The U.S. has said that Syria has probably used chemical weapons against rebel forces on a “small scale,” but emphasized that intelligence services were still not 100 percent sure.

U.S. intelligence agencies have investigated reports from Syrian opposition groups that President Bashar al-Assad’s forces used sarin gas on at least two occasions during the two-year-old conflict.

“Our intelligence community does assess with varying degrees of confidence that the Syrian regime has used chemical weapons on a small scale in Syria,” Caitlin Hayden, a U.S. National Security Council spokesperson, said on Thursday.

Friday two Syrian officials denied the U.S. accusations, which are supported by Britain. A senior Syrian official said Damascus did not and would not use chemical weapons, even if it had them.

Syrian official Sharif Shehadeh called the U.S. claims “lies” and likened them to the false accusations that Iraq possessed weapons of mass destruction before the U.S. invasion of that country.

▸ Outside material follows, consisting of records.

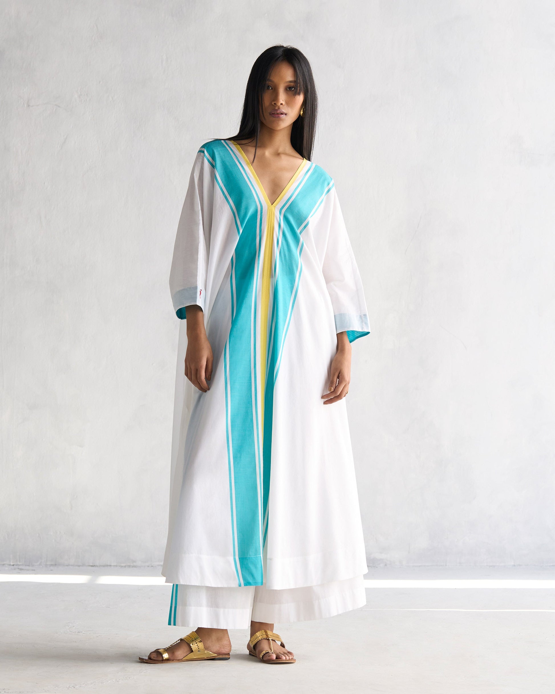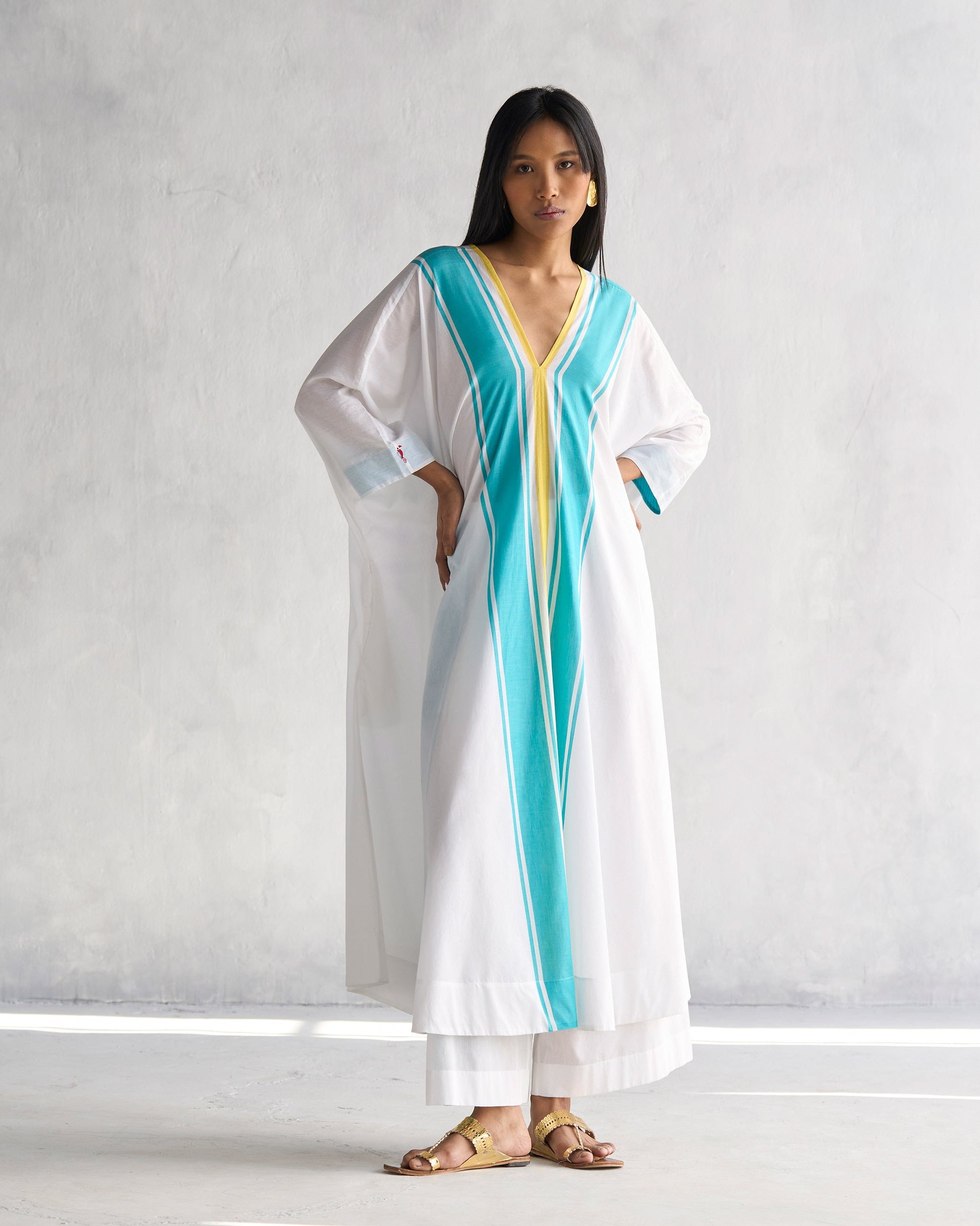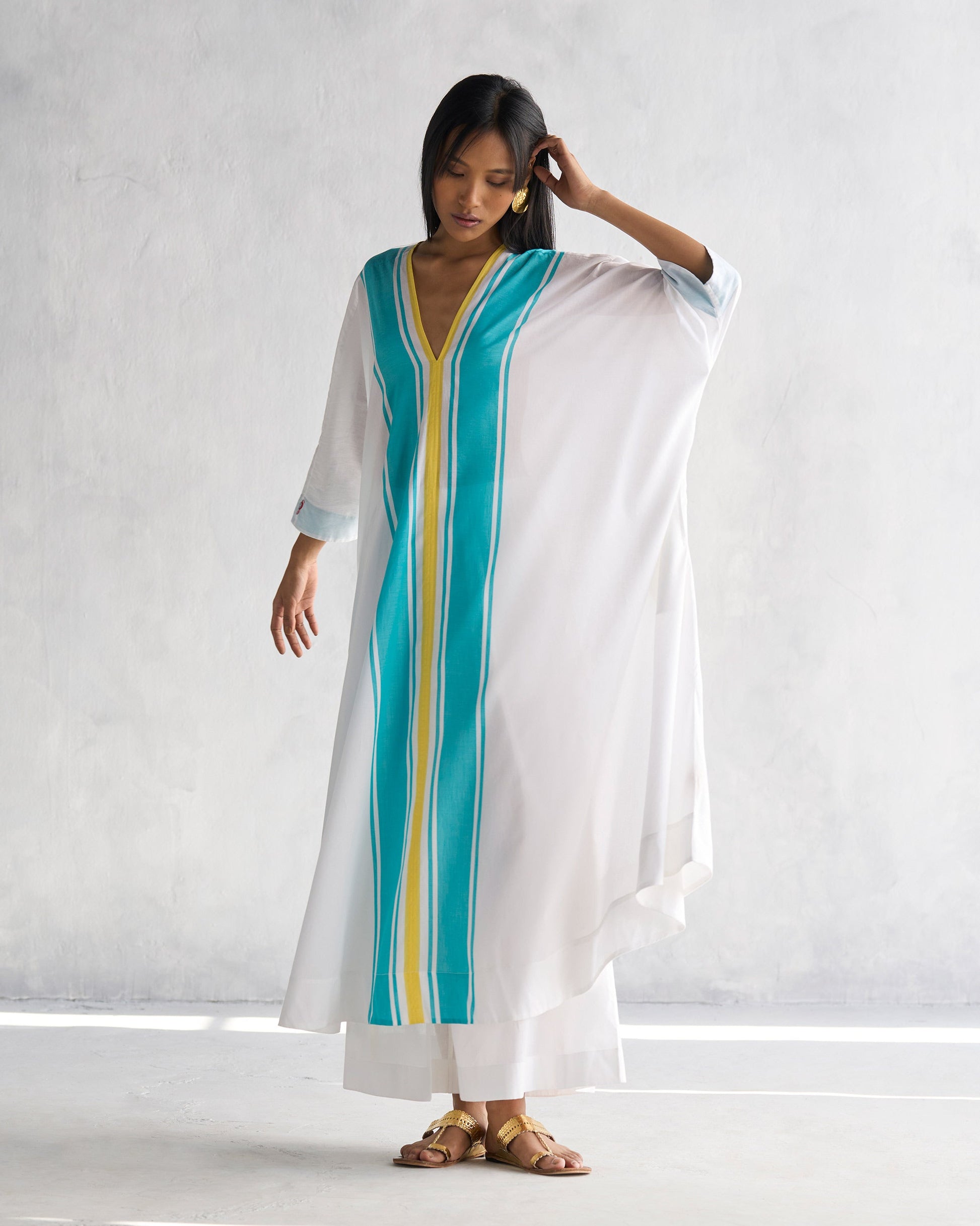 - In soft yarn dyed cotton, this kaftan will leave you feeling light as air.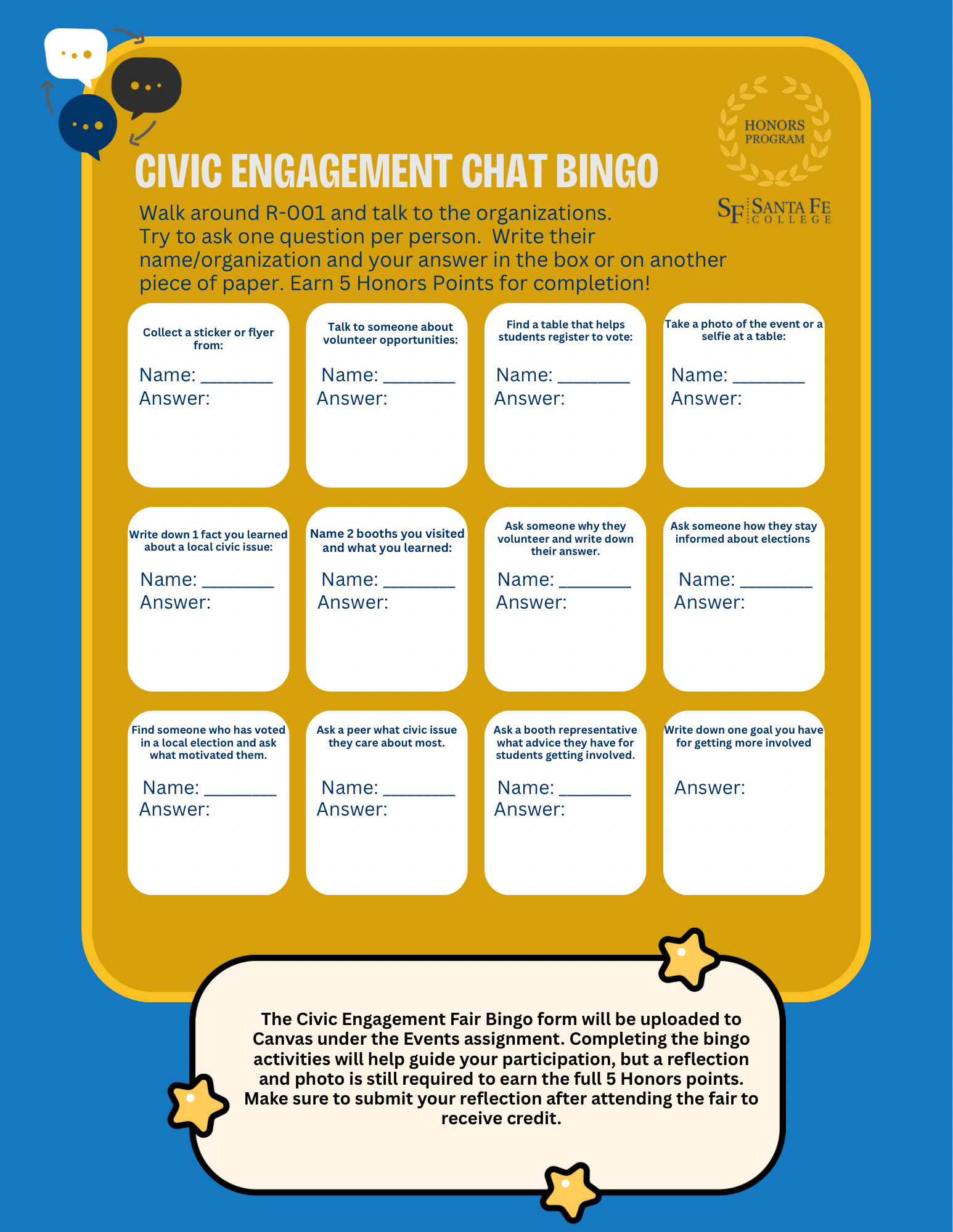 Walk around the R-001, talk to organizations, ask questions, and complete your bingo sheet to earn 5 Honors Points! Don’t forget: a reflection and photo are required to get full credit. Use the bingo form and instructions above then submit all material on Canvas → Events. Get out there and engage!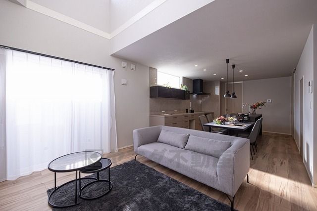 吹抜けが開放的なLDK。東南に窓を設置しているので非常に明るいですよ^^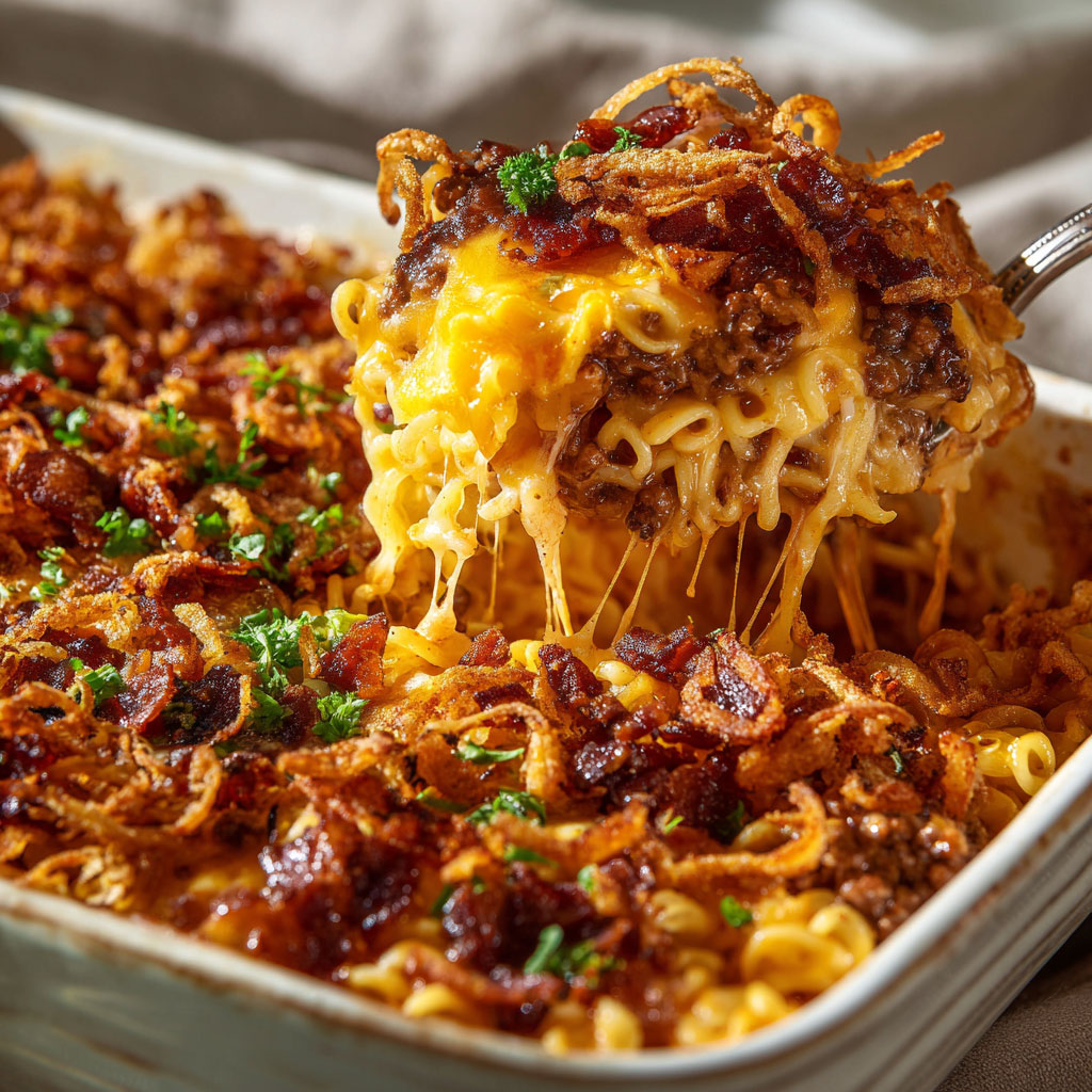 Whether you’re a fan of ramen, cheeseburgers, or BBQ, this bake pulls all those cravings into one dish. Serve it straight from the oven with a side salad, roasted veggies, or even cornbread for a complete comfort food spread that’s sure to win over both kids and adults.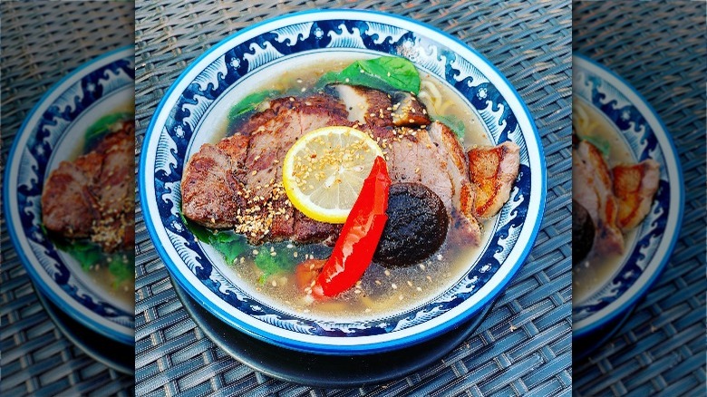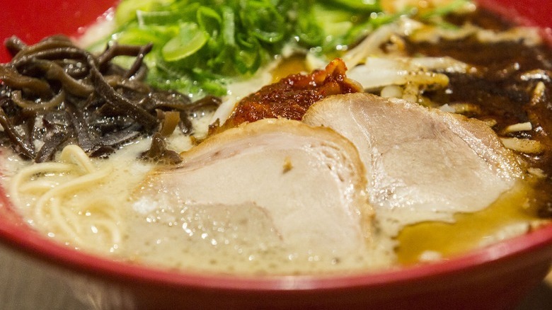 The resturant also boasts unique ramen flavors, like Apple Fennel Shio, which is made with ingredients like vegetable broth, apple, and pickled fennel. Unlike many other ramen spots, Ichigoh typically uses a chicken paitan broth rather than the milkier, heavier pork-based broths. Amongst its popular dishes are the Tori Paitan, Spicy Soboro Shoyu (though it's said to be just "the right" amount of spice, for those craving something extra hot), and the light, citrusy, semi-sweet Yuzu Shio ramen (via Yelp).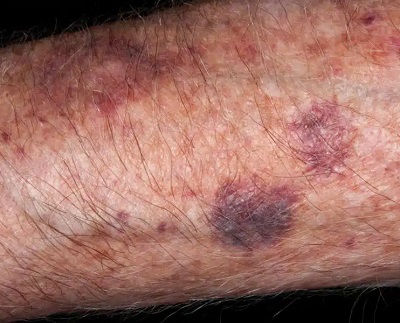 Deriden kabarık olarak fark edilebilen purpura: Elle muayenede fark edilebilen, deriden kabarık, yuvarlak veya oval, kırmızı veya mor papüller ve/veya plaklardır. Bazen elle zorlukla fark edilebilir.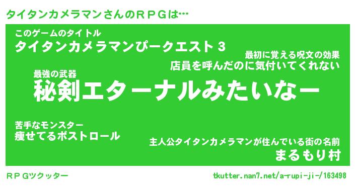 | 男性向けラノベタイトル風あだ名 | 『タイタンカメラマンの憂鬱』 |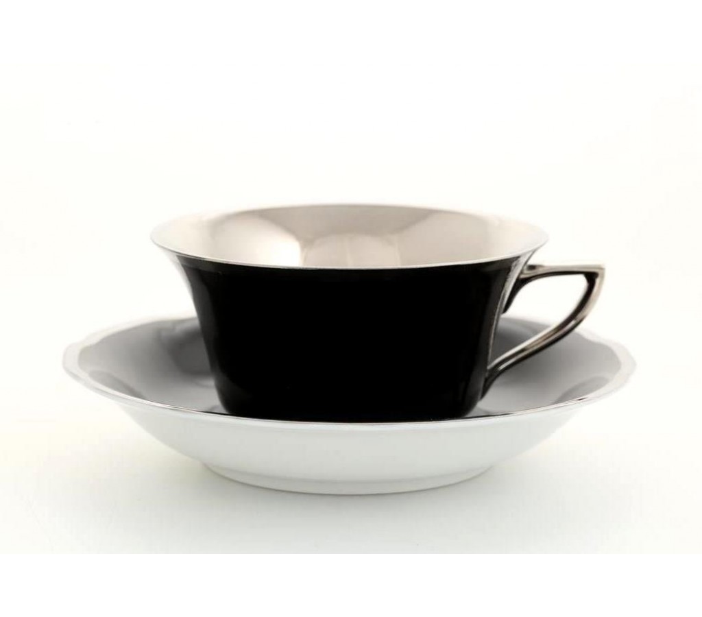 Чашка низкая с блюдцем Виндзор, Сажа, платина Leander 0,15 л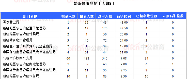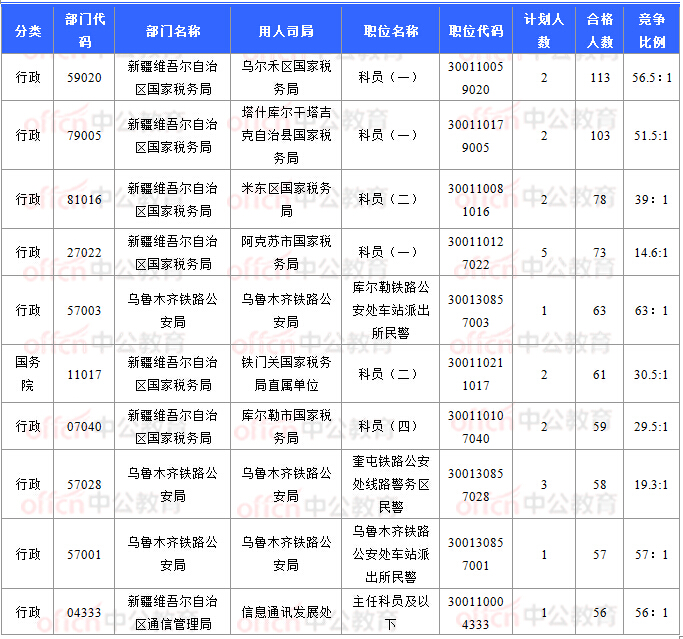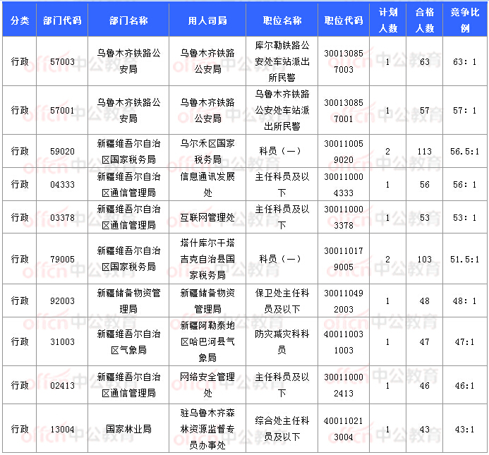 報名通過審核人數(shù)前十的職位主要集中在烏魯木齊鐵路公安局、新疆維吾爾自治區(qū)國家稅務局、新疆維吾爾自治區(qū)通信管理局、新疆維吾爾自治區(qū)郵政管理局,具體信息如下:
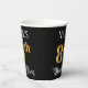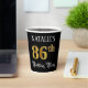 This ornate and luxurious birthday themed paper cup design features an editable name and the message “86th Birthday Party”. The large number “86th” has an imitation/faux gold-inspired coloring pattern, and the words “Birthday Party” are in fancy script-style text. The background is colored black by default (although it can be customized). Opulent, fancy paper cups like this might be useful at a birthday celebration/party being held to celebrate somebody’s 86th birthday. [~Z0000567]
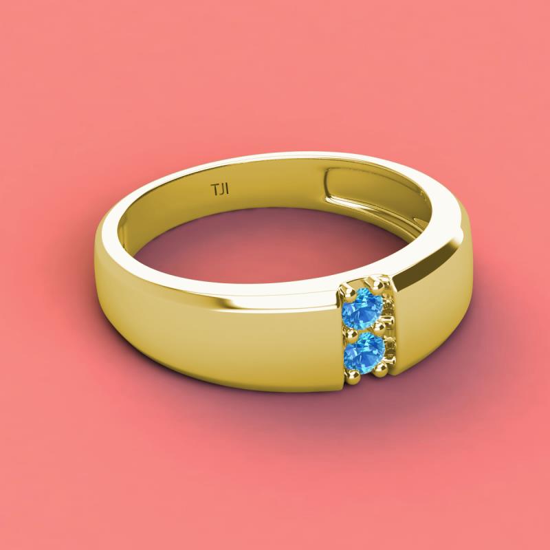 Round Blue Topaz 0.18 ctw High Polished 2 Stone Men Wedding Band 10K Yellow Gold More Details ...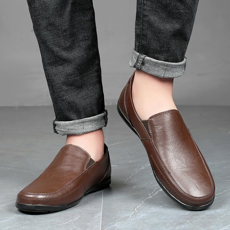 HOT ! Men's Loafers Round Toe Vegan Leather Solid Color Loafer Shoes Comfortable Flat Heel Anti-Slip Prom Classic Slip-ons
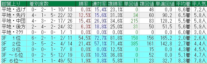 前走で逃げて速い上がりをマークしている馬は評価が難しいねえ。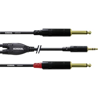 Cordial Cordial Audio Adapterkabel [1x Teleplugg 3.5 mm - 2x Teleplugg 6.35 mm] 0.90 m SvartKabeltyp: intro cable 2 · Kabelbeläggning WPP · Kontaktmärke: REAN · Kabeltvärsnitt: 2 x 0,22 mm2 · Längd: 0,9 m, 1,5 m, 3 m, 6 m.Läs mer om produkten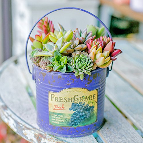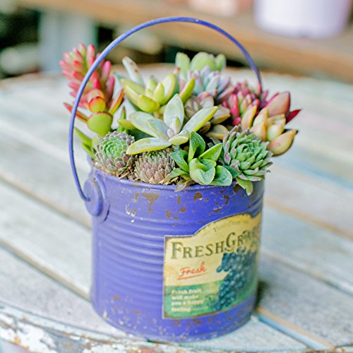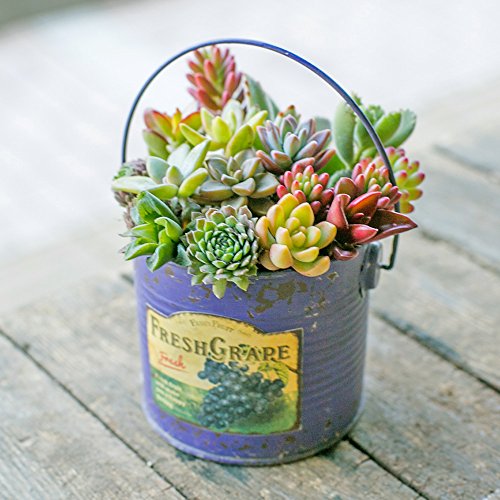 多肉植物 寄せ植え taniku フルーツビンテージ缶 ラウンド Lサイズ ( フレッシュ グレープ 柄 )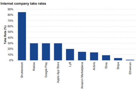 跟很多的互联网公司相比,以太坊的抽佣率要低得多(而且还在下降),增长速度是后者的数倍,而且是用类似的远期市销率进行交易,其PEG 为 0.03,相比之下,软件/金融平均水平约为2.5。
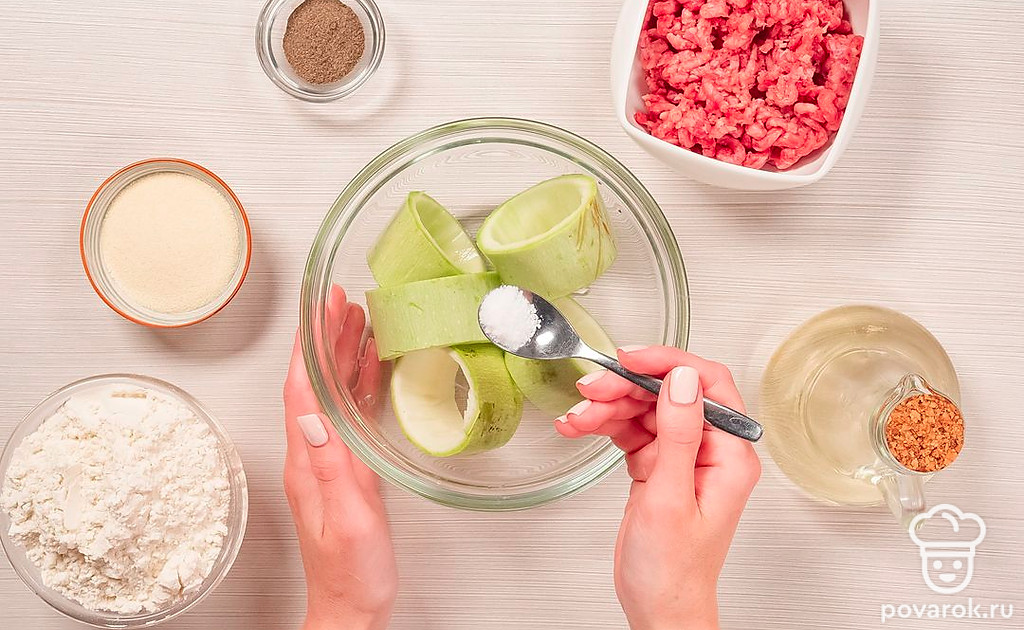 Подготовьте кабачки. Чистые кабачки нарежьте кружочками толщиной 1-1,5 см. С помощью ножа вырежьте из кружочков кабачков середину. Кабачковые кольца переложите в глубокую тарелку, засыпьте 0,5 ч. л. соли, перемешайте и оставьте на 10 минут, чтобы кабачки пустили сок.

Hayden  said that the U.S. assessment was based in part on “physiological samples” and pointed to the possible use of sarin, a man-made nerve agent used in two attacks in Japan in the 1990s. It can cause convulsions, respiratory failure and death.

However, Hayden said the chain of custody of the weapons was “not clear, so we cannot confirm how the exposure occurred and under what conditions”.

Britain’s prime minister David Cameron backed the U.S. assessment Friday, saying there is growing evidence of chemical weapons use.

President Barack Obama has declared that the deployment of chemical weapons would be a game-changer and has threatened unspecified consequences if it happened. Even so, the Obama administration would likely move carefully, mindful of the lessons of the start of the Iraq war more than a decade ago.

At the time, the U.S. administration used inaccurate intelligence to justify the invasion of Iraq in pursuit of nuclear, chemical and biological weapons that were not there.

Cameron said on Friday that he agreed with Obama that the use of chemical weapons would represent a  “red line” for the international community.